Из автобиографии А. Соболя: ‘… я стрелялся неудачно, прохворав два месяца я удрал в Нижний, из ночлежки прямым рейсом в суфлеры летнего опереточного театра в городишке ‘черты оседлости’…[3]
Чем ночлежные дома в одних городах отличаются от своих собратьев в городах соседних? Размером нар? Силой вошебоек и разномастностью занавесок? Скорей всего, скаредностью хозяев. Тем, где хозяин скаредный в меру, полегче. Где же очень — там посуровей. Но все без исключения ночлежные дома обладают одним преимуществом — крышей. Даже за самую мелкую монету находится какая-нибудь щель, где можно на час-другой расслабиться и заснуть.
Сколько ночлежек исходил Юлий, пока искал работу? Наверное, и считать бессмысленно, постоянной работы не было нигде. Поденщины же не хватало даже на харчи, не то, чтоб на билеты до Вильно, куда перебрались мать с братом, и куда очень хотелось скорее добраться. Но как? Билет был недоступной мечтой, оставалось использовать свой же невеселый опыт: спрыгивать в пути, менять тамбура, вагоны… И так до Вильно.
Материнский дом встретил голыми стенами. Семья жила почти впроголодь. Мина Сергеевна бралась за любую поденную работу, но на двоих не хватало. Вова учился в такой же еврейской школе для бедных, какую в свое время окончил Юля. Здоровее брат за это время не стал. Так же уставал, так же надсадно кашлял по ночам.
Юлий с первого дня пошел работать. Снова суфлером, снова над головой трясли тряпками ‘маркизы’, издевалась над публикой очередная колоратура… Юлий следил, чтобы номер шел за номером, изредка подсказывая слова. Только здесь — в собачей будке под сценой — он понял, как изменили его эти два года. Куда делось прежнее волнение, восторг сопереживания, способность принимать все происходящее как сцене как личное? Когда-то в Шавлях, пальцы одного из ‘пианистов’ застряли в картонных клавишах, и Юлий, под хохот зала, выскочил на сцену — помогать. Сейчас он сидел, в полглаза следя за текстом. Кроме суфлирования, взял на себя переписку ролей, найдя в этом некоторое моральное отдохновение. Особенно, когда ставили С.А. Найденова.
— Приятно писать, — говорил он Володе, переписывая идеалистические монологи из ‘Богатого человека’, — приятно писать такие хорошие слова.
Но все труды уходили впустую. При той нищете, в которой жила семья, заработок исчезал мгновенно. От безысходности Юлий взялся еще за одну работу — подписывать адреса на конвертах для еврейской газеты ‘Фрайнд’, по 15 копеек за 100 конвертов. Работал по ночам, другого времени не было. Володя смотрел с удивлением: ‘сколько брат выдержит’? И правда, перенапряжение скоро сказалось: начались головные боли. Они возникали внезапно, но такой силы, что он почти терял сознание, катался по полу, и только повторял: ‘Хочу уйти, не могу больше… скорее… скорее…’ Его не лечили, денег на это не было. Приступы сами, буквально в один день, исчезли, так же внезапно, как появились. Что это было? Может быть вызванное переутомлением подсознательное воспоминание о материнских истериках, а может проявила себя болезнь, несомненно владевшая Соболем, та, что привела его к трагическому концу.

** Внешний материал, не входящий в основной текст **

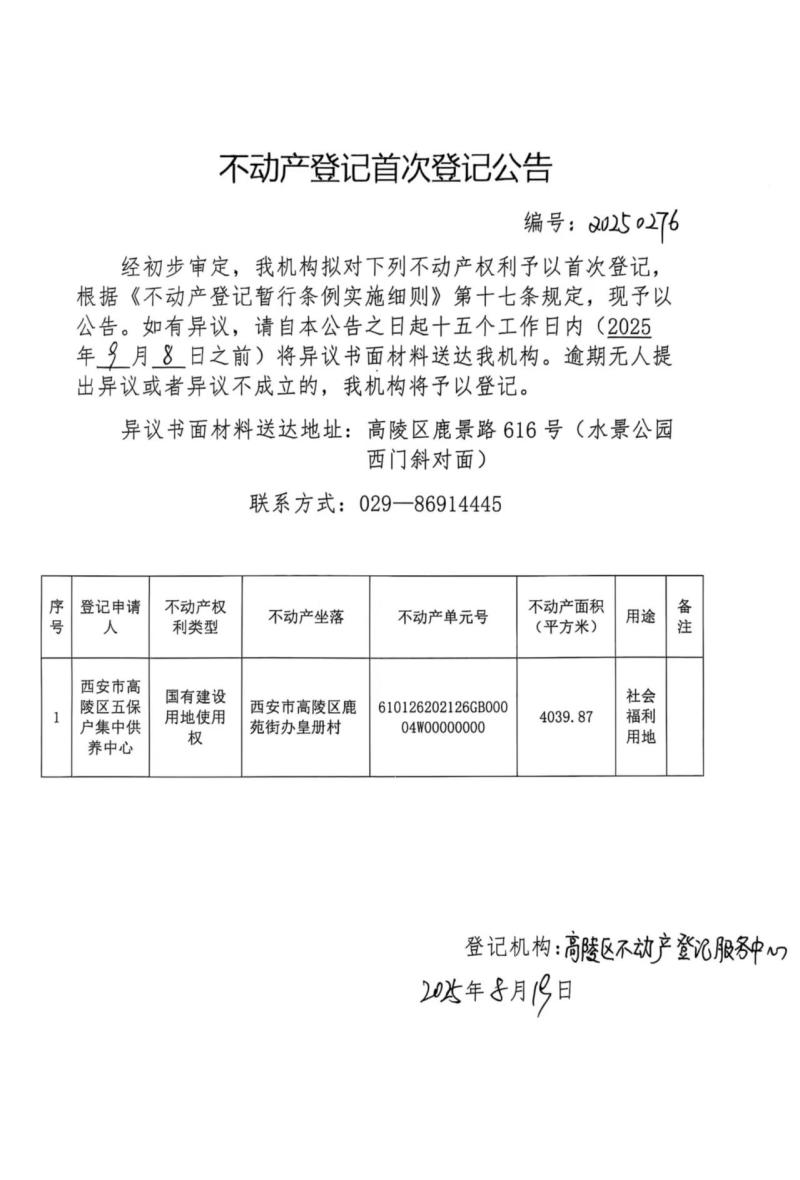 西安市高陵區五保戶集中供養中心不動產登記首次登記公告,編號:20250276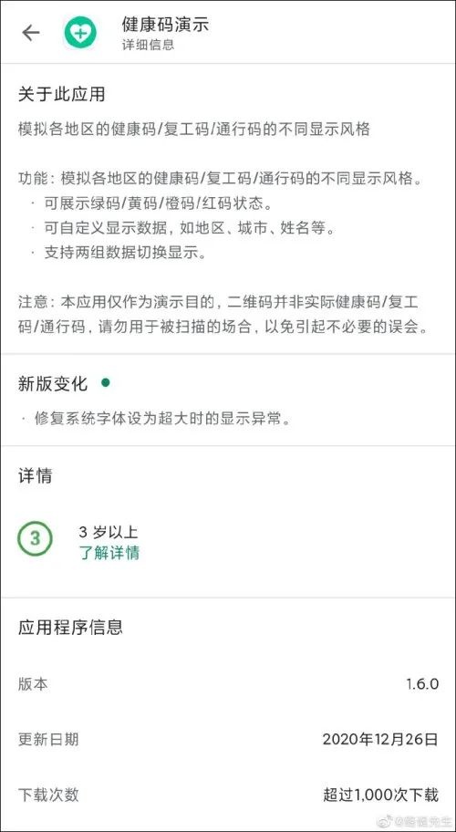 开发者对于此应用的描述是,“模拟各地区健康码、复工码、通行码的不同显示风格”。功能上,该APP不仅能够展示不同健康码,还可展示绿码、黄码、橙码、红码状态,并可自定义显示数据,如地区、城市、姓名等。
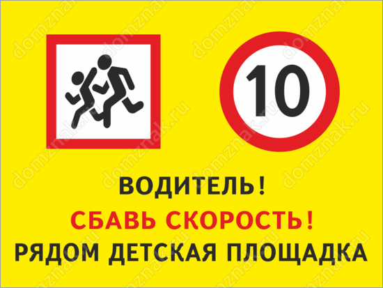 Знак «Водитель! Сбавь скорость» изготавливается на основе из пластика ПВХ или оцинкованного металла.

Прошло не так много времени, и — новая неожиданность: Юлий принимает решение, резко меняющее его жизненный путь. Подспудно оно зрело еще с Ирбита, со встречи с доктором Зенковым. Тот не раз пытался разъяснять Соболю суть сионизма, объяснить, чем, скажем, плох Бунд и почему сионистская партия лучше. И только в Вильно Юлий до конца понял о чем говорил доктор, нашел себя, свое место в бурной, буквально наэлектризованной атмосфере начала девятисотых годов.
Вильно в те годы был для еврейских городов черты оседлости центром революционного движения, колыбелью почти всех еврейских революционных партий и течений. Литва была инициатором всеобщего еврейского рабочего союза Литвы, Польши и России. Здесь в 1895 году была оформлена учредительная программа Бунда. Когда вожаки Бунда открыли компанию против сионизма, в начале 1905 года здесь же была учреждена Социалистическая еврейская рабочая партия. К ней и примкнул Юлий, с нее началась его революционная деятельность.

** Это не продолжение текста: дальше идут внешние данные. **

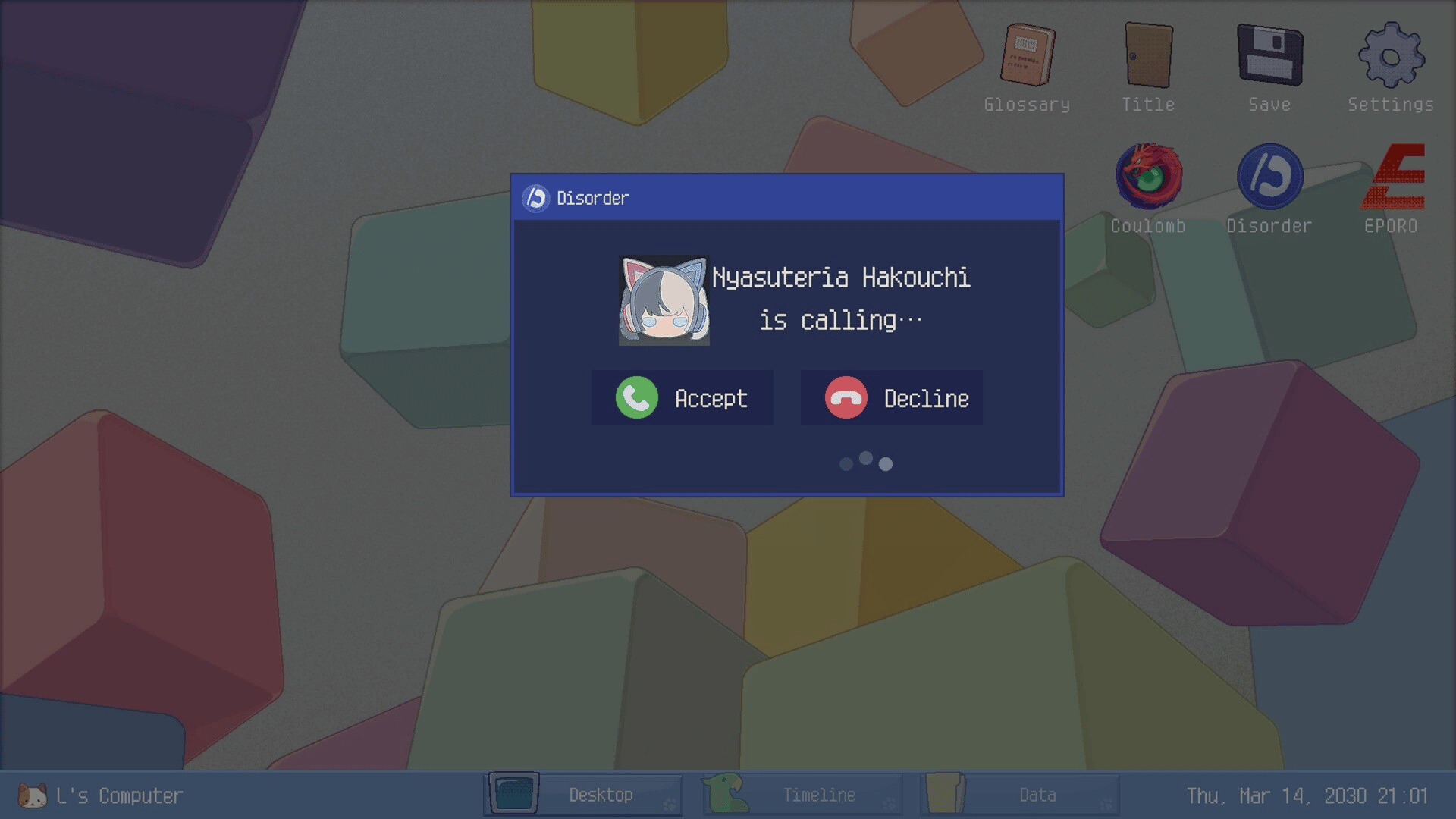 Cyber Detective L solves Paradoxes—bizarre incidents by supernatural Demons—via the social media giant Parrotter. The Cyber Detective Squad, L and his Demon partner Nyasuteria, wield elite hacking and psychic powers to take on the final Paradox investigation.

Толчком, как часто в жизни Соболя, послужил его величество Случай, вернее, случайная встреча. Он разговорился на улице с двумя незнакомыми девушками, увлеченными сионистской идеей. На него, внутренне готовому к принятию этой идеи, разговор подействовал словно взмах дирижерской палочки на слаженный оркестр. В тот же день Юлий навсегда ушел из дома. Поселился на окраине Вильно в молодежном рабочем районе среди таких же активистов Сионистской социалистической рабочей партии.
В архиве Общества политкаторжан, на вопрос о должности в партии Соболь (теперь уже Андрей, ибо таким стало его партийное имя) написал ‘агитатор’. Чем он занимался? Разъяснял еврейской молодежи в городах и местечках Могилевской, Ковенской губерний, в Вильно, Орше, Мариямполе суть сионистского движения, доказывал неправильность, даже вредность бундовских позиций, утверждавших, будто в главе идейного развития человечества шествует пролетариат. ‘Это не так,’ — говорил Андрей, повторяя мысль Жаботинского.[4] — ‘Не только для того, чтобы творить новые идеи, но даже для того, чтобы воспринимать их, нужна известная степень культуры, которой у рабочих нет.’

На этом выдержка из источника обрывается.